But this specific case is not a redundancy situation - the employee is resigning. Is that not significant in relation to tax treatment of pay in lieu of notice or other termination payments?


----------



## ubiquitous

> For the record, you need to be aware that on leaving an employement whether you are made redundant or not, certain payments fall into the old Section 110 ITA 1967 which i think described what qualified as a termination lump sum. I stand by comments on the basis of practice


A very reliable source has recently confirmed to me that this is indeed the case.


----------



## ClubMan

Interesting - is this a recent development? Can it be claimed retrospectively?


----------



## DarraghDuane

My understanding is that if you are entitled to any payment under your contract, e.g. pay in lieu, holiday pay, or even some specified amount upon termination, then it's taxable. The reason for this is that because such payments are in your contract of employment there is no doubt that they relate to your employment and are therefore chargeable to income tax.

As regards "ex-gratia" payments, i.e. payments your employer is not required to give to you but does anyhow, these would have escaped the charge to income tax in the past as you were not entitled to these payments, legally or under your contract.  It was therefore necessary to bring these payments within the charge to income tax and S123 of the Taxes Consolidation Act does this. Now, any payments on a termination that are not otherwise chargeable to income tax (i.e any payments other than pay in lieu, holiday pay, etc) are taxable, subject to the exemptions referred to by ajapale.
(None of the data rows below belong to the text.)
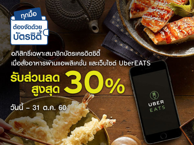 รับส่วนลดสูงสุด 30% เมื่อสั่งอาหารผ่านแอปพลิเคชั่น และเว็บไซต์ UberEATS และชำระผ่านบัตรเครดิตซิตี้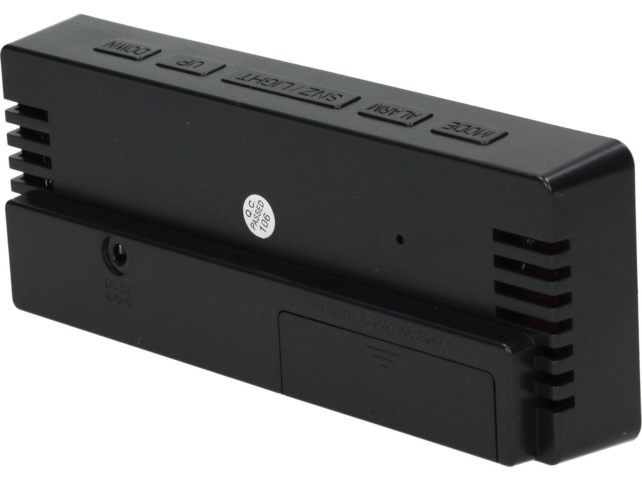 Tento multifunkční stolní budík má zabudovaný teploměr a automaticky nastavitelný jas dle aktuálního času.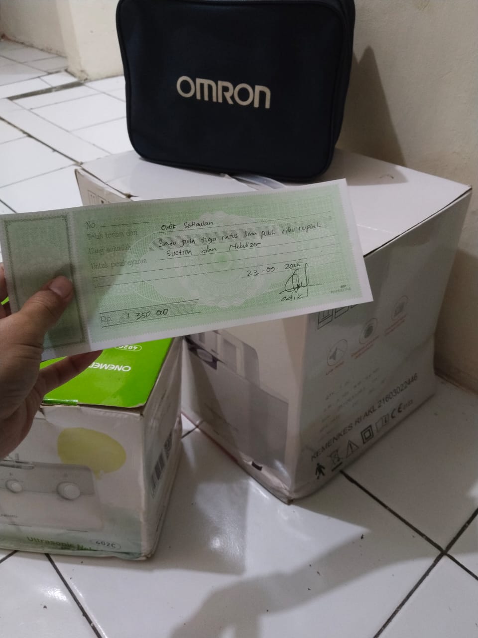 Dana digunakan untuk 1. Beli suction pump bekas Rp. 800,000 2. Nebulizer bekas Rp. 550,000 3. Ganti NGT Rp250.000 4. Beli dan isi ulang oksigen m2 2 tabung Rp. 2,450,000 5 Sewa mobil dan bensin kontrol ke RS Rp500,000 6. Pengisin e-toll Rp60.000 7. Pampers momypoko Rp52,000 × 2ball = Rp104,000 9, Pembelian fidding grip Rp350,0002025-09-24 10:15:34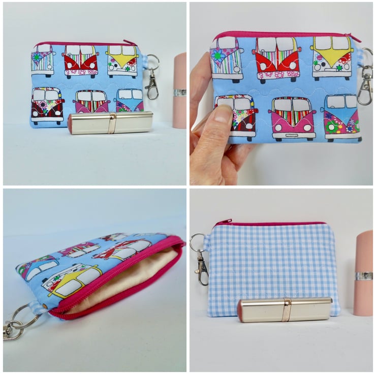 This bag comes with a little coin purse made in blue camper van fabric, with blue gingham on the reverse. Both these fabrics were backed with fusible fleece and then machined with three lines of wave stitch. It has a bright pink zip across the top and can be clipped inside the tote using the clasp provided. It measures about 13cm x 9cm.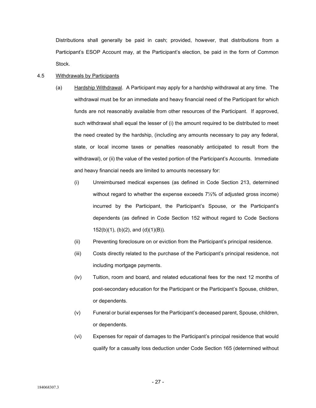 - 27 - 184068307.3 Distributions shall generally be paid in cash; provided, however, that distributions from a Participant’s ESOP Account may, at the Participant’s election, be paid in the form of Common Stock. 4.5 Withdrawals by Participants (a) Hardship Withdrawal. A Participant may apply for a hardship withdrawal at any time. The withdrawal must be for an immediate and heavy financial need of the Participant for which funds are not reasonably available from other resources of the Participant. If approved, such withdrawal shall equal the lesser of (i) the amount required to be distributed to meet the need created by the hardship, (including any amounts necessary to pay any federal, state, or local income taxes or penalties reasonably anticipated to result from the withdrawal), or (ii) the value of the vested portion of the Participant’s Accounts. Immediate and heavy financial needs are limited to amounts necessary for: (i) Unreimbursed medical expenses (as defined in Code Section 213, determined without regard to whether the expense exceeds 7½% of adjusted gross income) incurred by the Participant, the Participant’s Spouse, or the Participant’s dependents (as defined in Code Section 152 without regard to Code Sections 152(b)(1), (b)(2), and (d)(1)(B)). (ii) Preventing foreclosure on or eviction from the Participant’s principal residence. (iii) Costs directly related to the purchase of the Participant’s principal residence, not including mortgage payments. (iv) Tuition, room and board, and related educational fees for the next 12 months of post-secondary education for the Participant or the Participant’s Spouse, children, or dependents. (v) Funeral or burial expenses for the Participant’s deceased parent, Spouse, children, or dependents. (vi) Expenses for repair of damages to the Participant’s principal residence that would qualify for a casualty loss deduction under Code Section 165 (determined without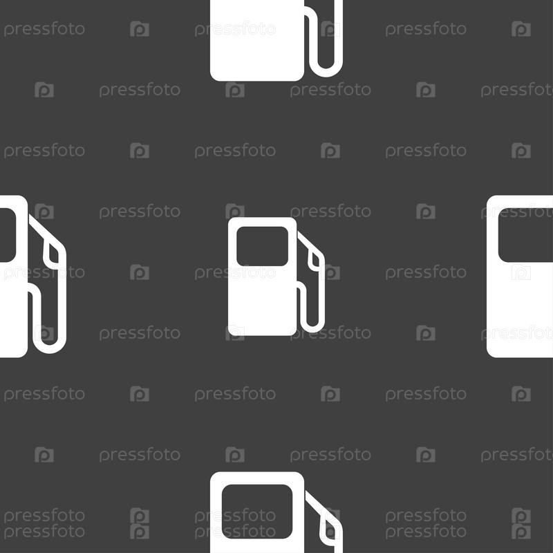 Авто газ станции значок знак. Бесшовный узор на сером фоне. Вектор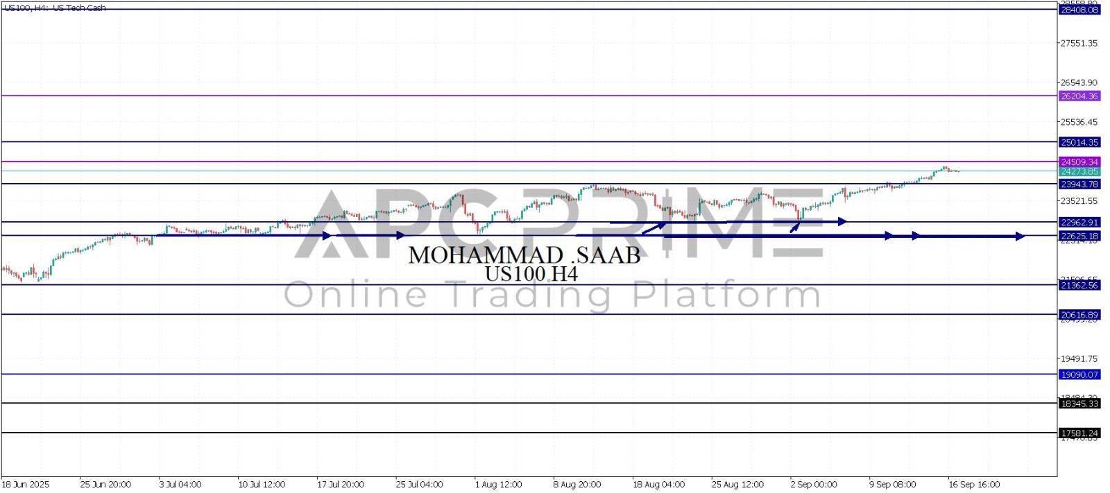المنطقة الأهم (23943) ثبات السعر أعلى المنطقة الأهم يتجه السعر إلى منطقة المقاومة (24509) احتمالية الارتداد منها ممكنة ولكن باختراقها وإغلاق أعلى بشمعة أربع ساعات يتجه السعر إلى منطقة المقاومة (25014)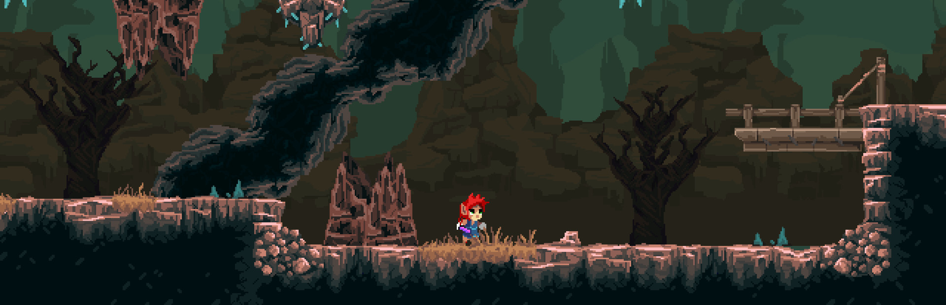 The game is a 2D platformer with RPG elements. You have to move around the locations, clearing rooms from enemies and solving simple puzzles along the way.

In my view, therefore, pay in lieu is definitely taxable and the 3k holiday pay and 2k pay in lieu in Ham Slicer's example are also taxable


----------



## Molly

going back to the original post, 


the person in question handed in notice and due to going to a competitior the employer decided not to have employer work notice ...... this period that the employee was at home but paid, is categorically salary and taxable. 

makes no difference to the tax man that you happened to be at home for this period of time and not physically at work.


----------



## HardyEustace

This is an old thread but one that now has relevance to my situation.  In reference to the question I encountered a similar situation and was not required to pay tax on my last months salary.  In the previous example, I handed in my notice to go to a competitor and was asked to leave the following day rather than execute my notice.  In my current instance, I was made redundant last week along with about half the company.  We were then told that we could leave that day but that we would be paid four weeks notice.  I am currently arguing that this should not be taxable as upon looking at the revenue site  [broken link removed]   it says  " What lump sum payments qualify for some relief from tax?  The following redundancy and retirement payments, although not exempt from tax, qualify for some relief from tax. These are:      * Salary or wages in lieu of notice, on redundancy or retirement. However, where the contract of employment provides for a payment of this kind on the termination of the contract, whatever the circumstances, such payment is chargeable to income tax in the normal way without the benefit of the exemptions and reliefs mentioned later."  my interpretation would be that the four weeks notice was not statuatory, and therefore is exempt from tax.  However my old employers have said that this is not the case.  I've already contacted the revenue but they really are not inspiring confidence and I'm awaiting a "call from a supervisor"  Could someone please help me with this?


----------



## Domo

Pay in lieu of notice is taxable if it is mentioned in your contract of employment (i.e. you have a contractual right to receive this).  If it is not mentioned, tax is not payable.

If your employer taxes this incorrectly, I would suggest you make a claim for a refund of this tax, supplying full details from your employer indicating the amount of pay in lieu of notice (payslip) and a copy of your contract of employment to the Revenue.  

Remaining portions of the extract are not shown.